> **Stored entries**
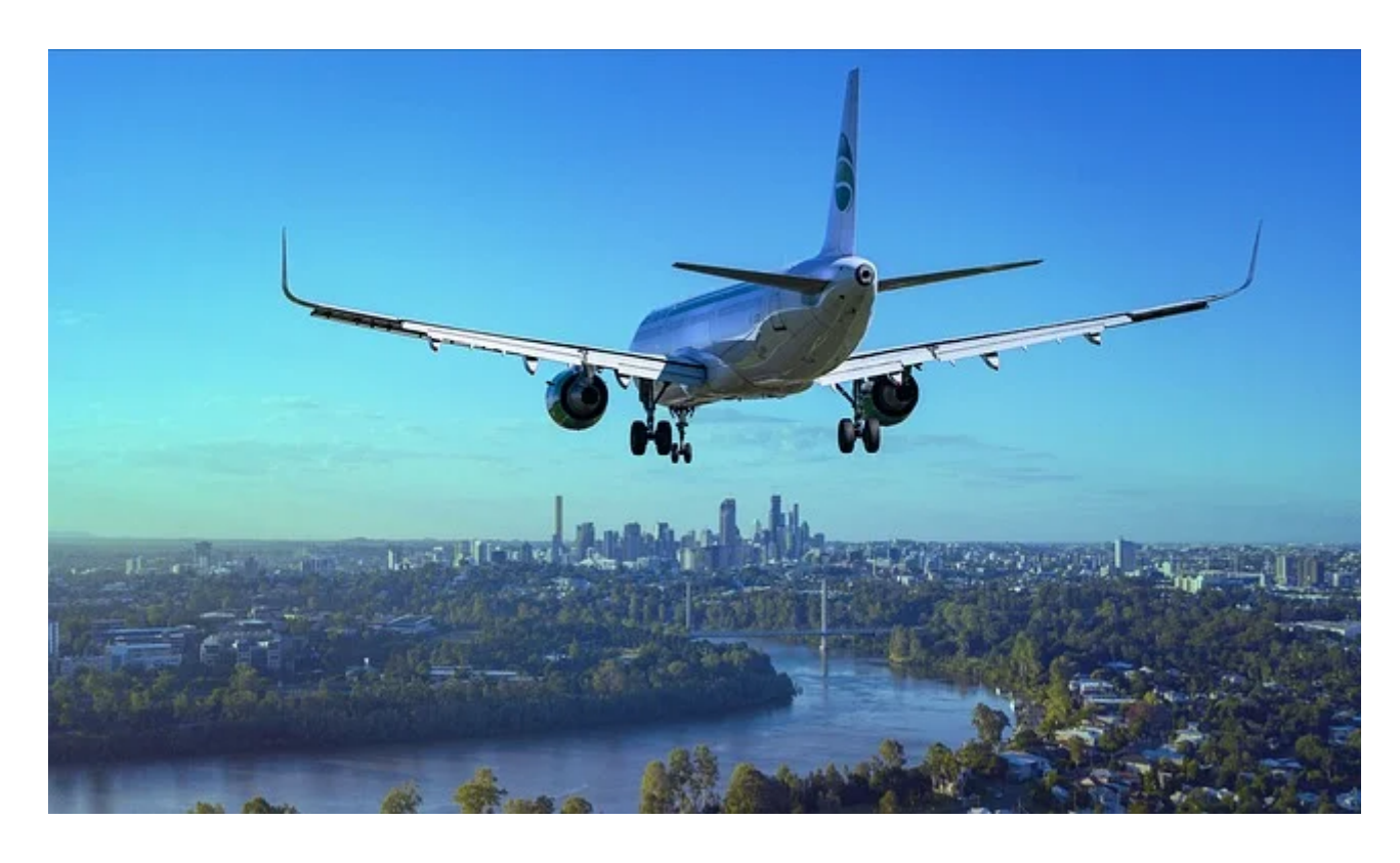
Day 1: Arrival

When you arrive at Cairo airport, our representative will take you to the hotel and the next day you will go to the Pyramids of Giza , then Saqqara , then Memphis and have lunch at a local restaurant
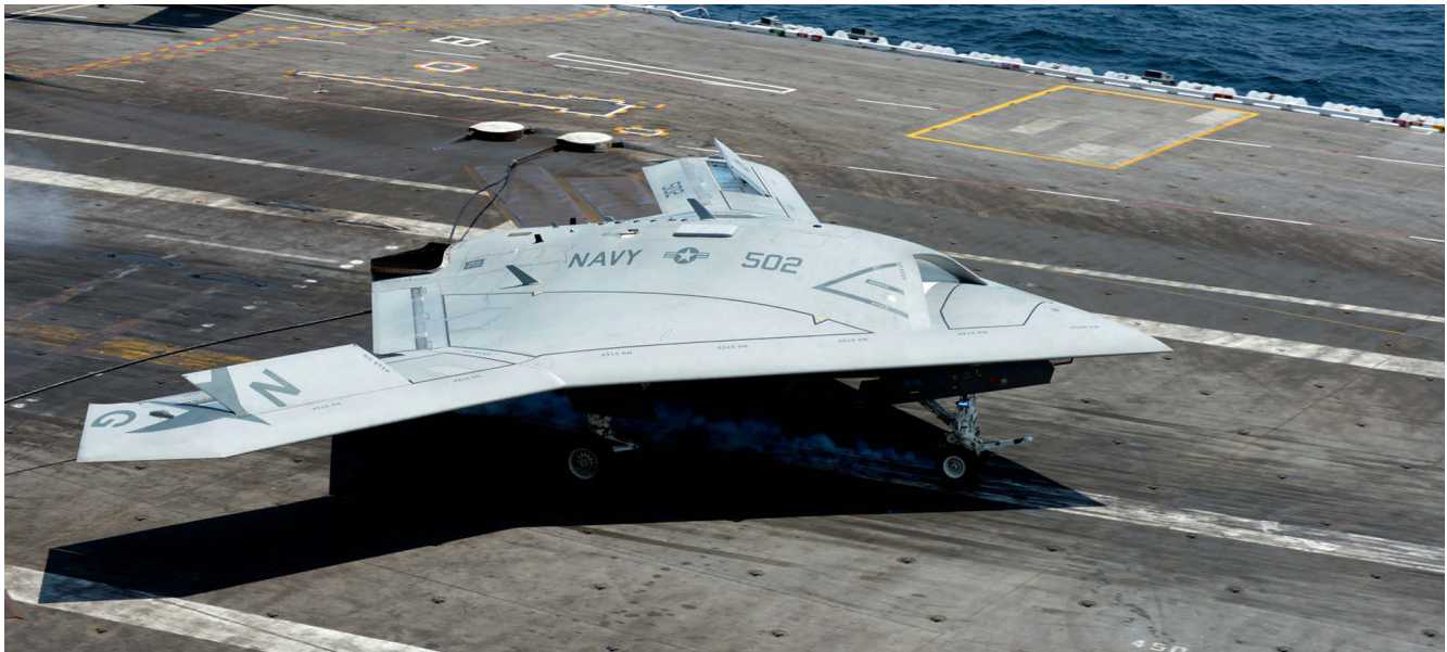
A drone touches down on a US aircraft carrier. Drones are one example of disruptive technologies that are increasingly capable and rapidly proliferating, even to nonstate groups.

Disruptive technologies will spur advances in operational concepts, battlefield tactics, and military equipment, which could generate future revolutions in military affairs. The twenty-first century is poised to see new iterations of emerging military technologies altering both tactics and strategy. This could reinforce the transatlantic community's current military advantages, if it is dedicated to maintaining its military technology edge, but also render them obsolete if emerging powers employ them in innovative and unanticipated ways.
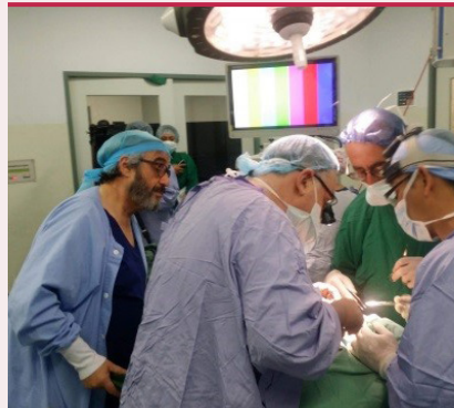
■ 2017 Medical Mission to Fiji

Our annual movie night was well attended and members enjoyed a preview screening of the film, Bye
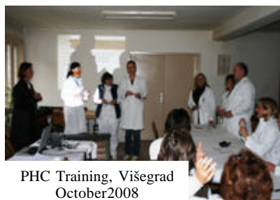
PHC Training, Višegrad October 2008

From June 2008 to November 2008, 15 training sessions for 270 participants were delivered. About 81% of providers trained were women reflecting an increasing number of women in BiH entering the medical profession, as well as the fact that women traditionally occupy the nursing profession.
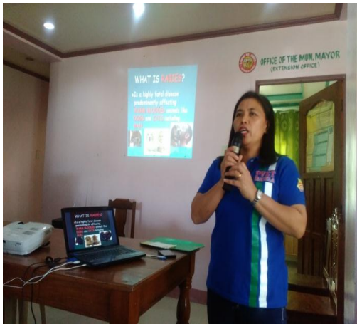
A representative from the Provincial Veterinary office discusses basic facts about Rabies.
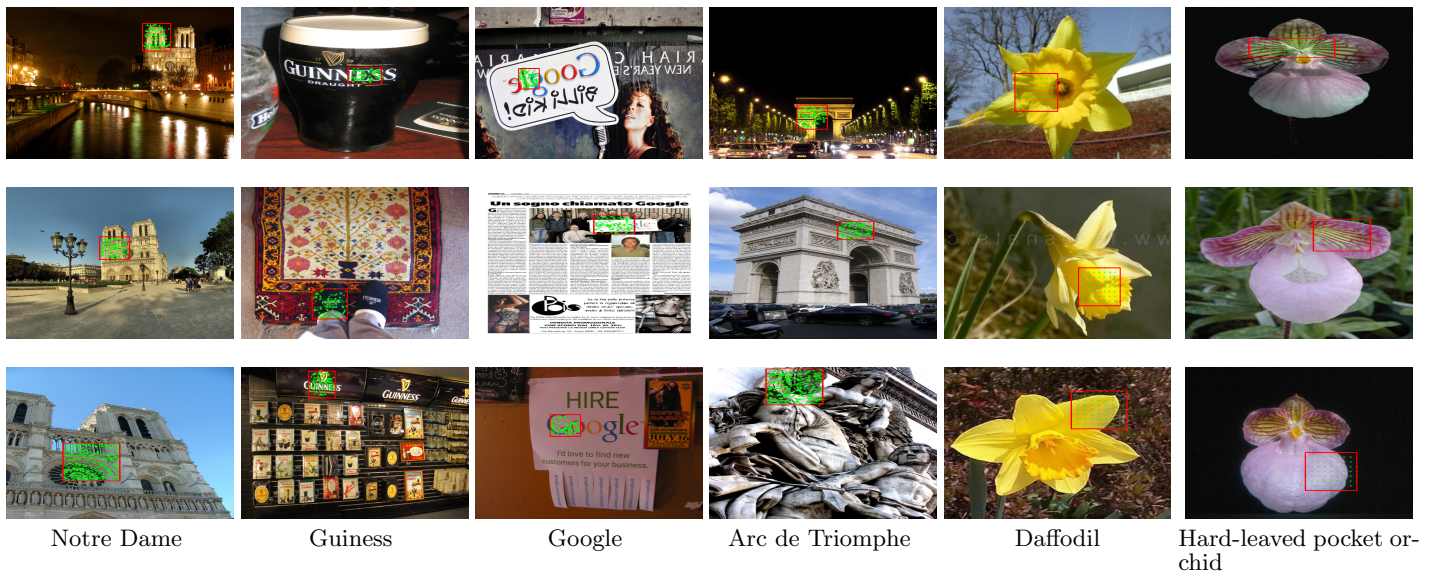
Figure 1: Learned Spatial Atoms for 6 classes
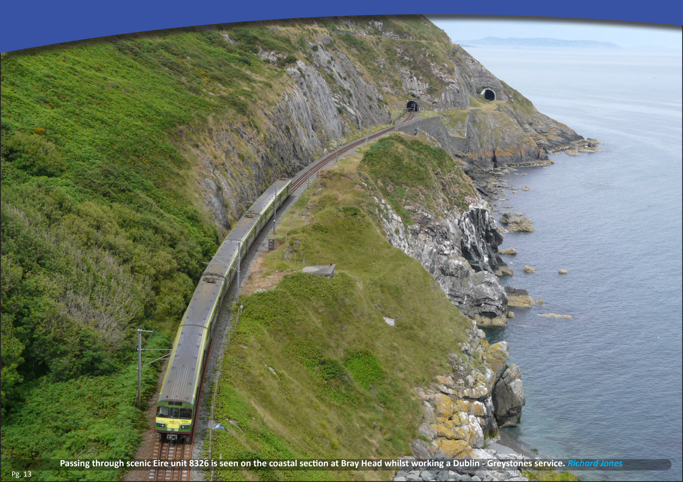
Passing through scenic Eire unit 8326 is seen on the coastal section at Bray Head whilst working a Dublin - Greystones service.
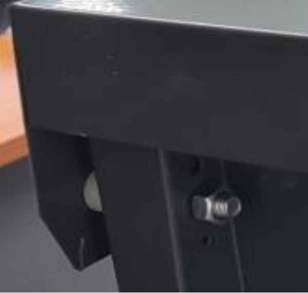
22. Secure 2 nd lid with bolt/washer
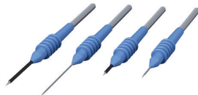
Disposable SuperCut™ Needles Electrodes †
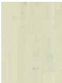
100 White Sands
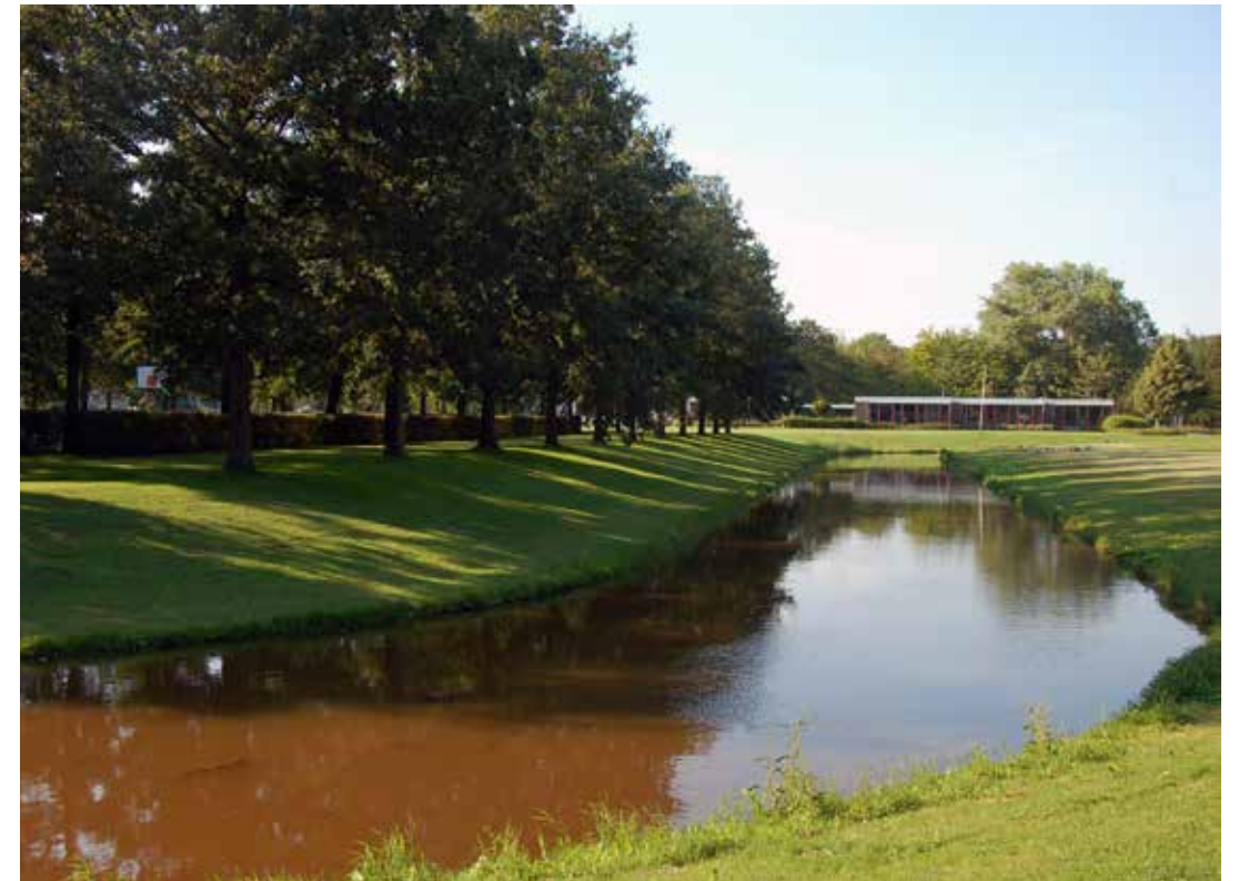
3 Nagele, gli spazi aperti centrali e la scuola cristiana protestante di Van Eyck e Van Ginkel

Nevertheless, certain topics and problematic issues seemed unsolvable. What exactly is completed urbanity? And how big does a settlement have to be to achieve it? How can
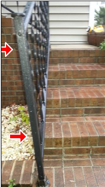
2.3 Item 1(Picture) Front porch railing

2.3 The metal railings at front porch are loose and could be a potential safety issue as they don't allow for proper support. The bottom step at rear deck stairs is uneven and could be a potential trip hazard. The brick border at patio is separated from patio and could be a potential trip hazard. Recommend further evaluation and repairs by a qualified professional.
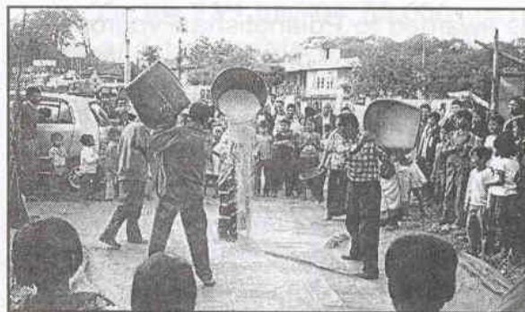
Farmers of Chieruphi Village, Jaintia Hills presenting a cultural item during NLRCW
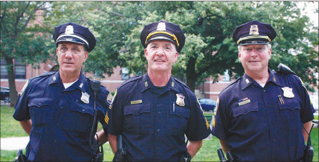
Officers from District A-7 were on hand during the Eastie Week kickoff in Brophy Park. The police brought the Boston Police Ice Cream Truck to the event.

teract. It is a great way to see all Eastie has to offer.” Community Partner, the East Boston YMCA provided activities while the District 7 Police Station brought the Police Ice Cream Truck.
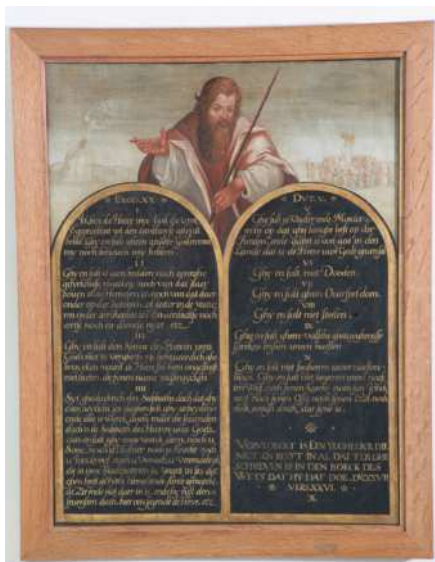
FIGURE 12 Ten Commandments panel, Bolsward, 1580-1592

Joure, dating from 1648, strongly reminds us of the Utrecht and Lunteren pieces (Fig. 9). The Martinikerk in Sneek possesses a Ten Commandments panel with similar Moses imagery (Fig. 11) that has a counterpart with texts from the New Testament, adorned with the Tetragrammaton (1632, Fig. 10). The same imagery and composition also recurs on the earlier panel in
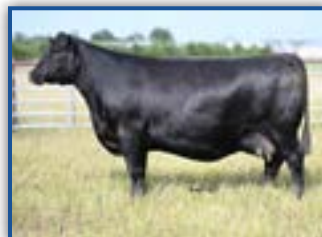
MOHLEN JILT 6900 DAM OF FORCE
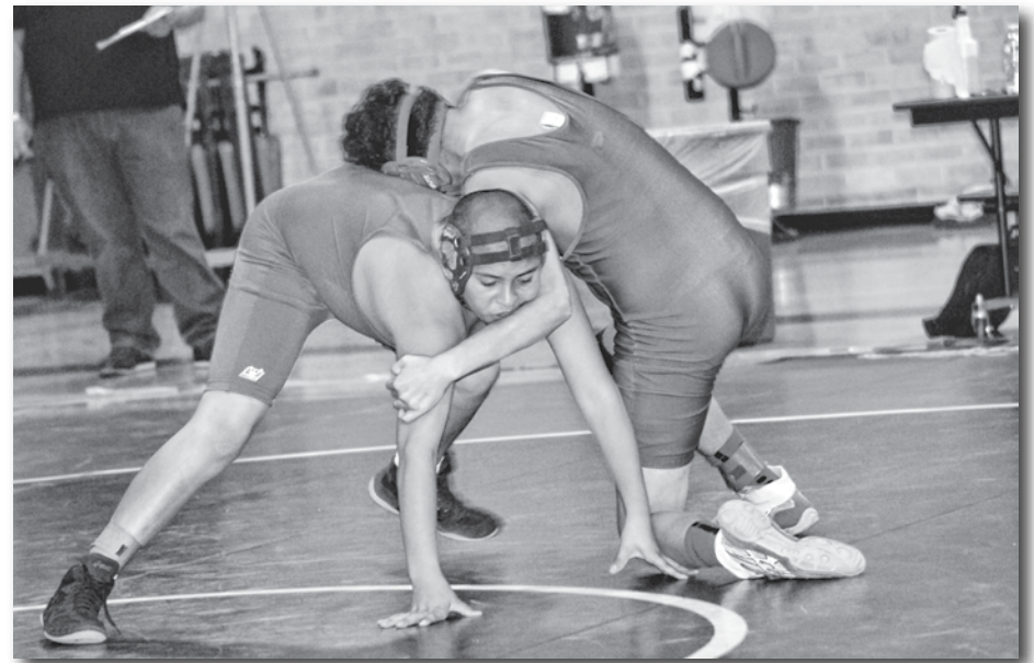
Hayden wrestlers at the Central Junior High League Championships.
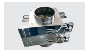
带套管易清洁式 Drawer with Quick Cleaning Tube
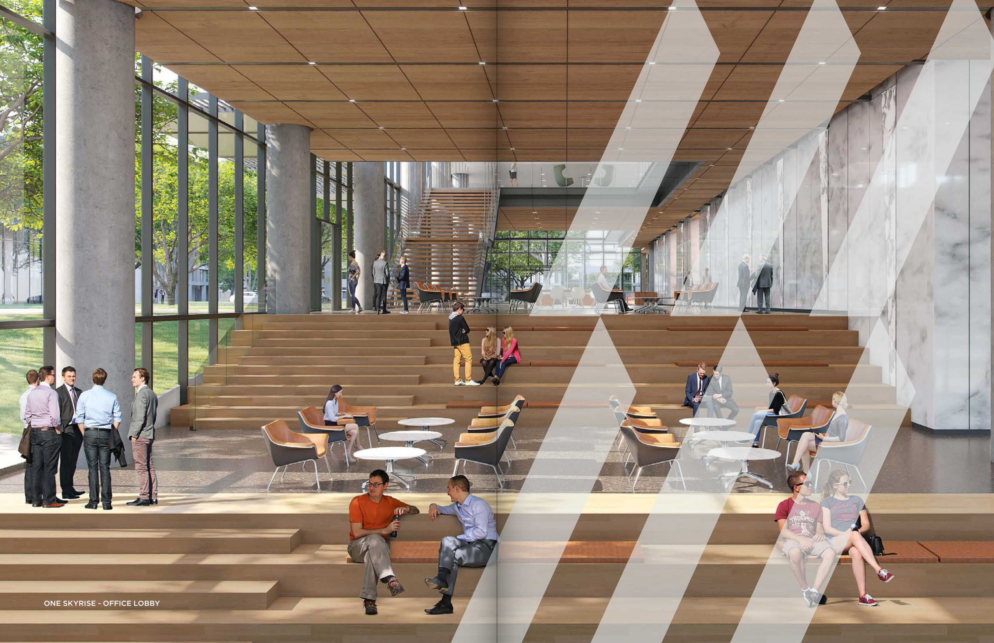
ONE SKYRISE - OFFICE LOBBY
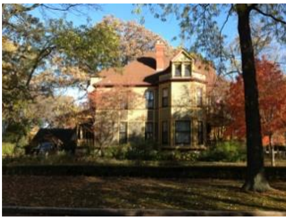
William Hatch House (1882)

> **TASK DESCRIPTION**
Once the line with "2.3 The metal" is found in the data above, reproduce it and each line after it exactly, through the line with "Farmers of Chieruphi". Omit the pictures.

> **RESULT OF THE EXERCISE**
2.3 The metal railings at front porch are loose and could be a potential safety issue as they don't allow for proper support. The bottom step at rear deck stairs is uneven and could be a potential trip hazard. The brick border at patio is separated from patio and could be a potential trip hazard. Recommend further evaluation and repairs by a qualified professional.
Farmers of Chieruphi Village, Jaintia Hills presenting a cultural item during NLRCW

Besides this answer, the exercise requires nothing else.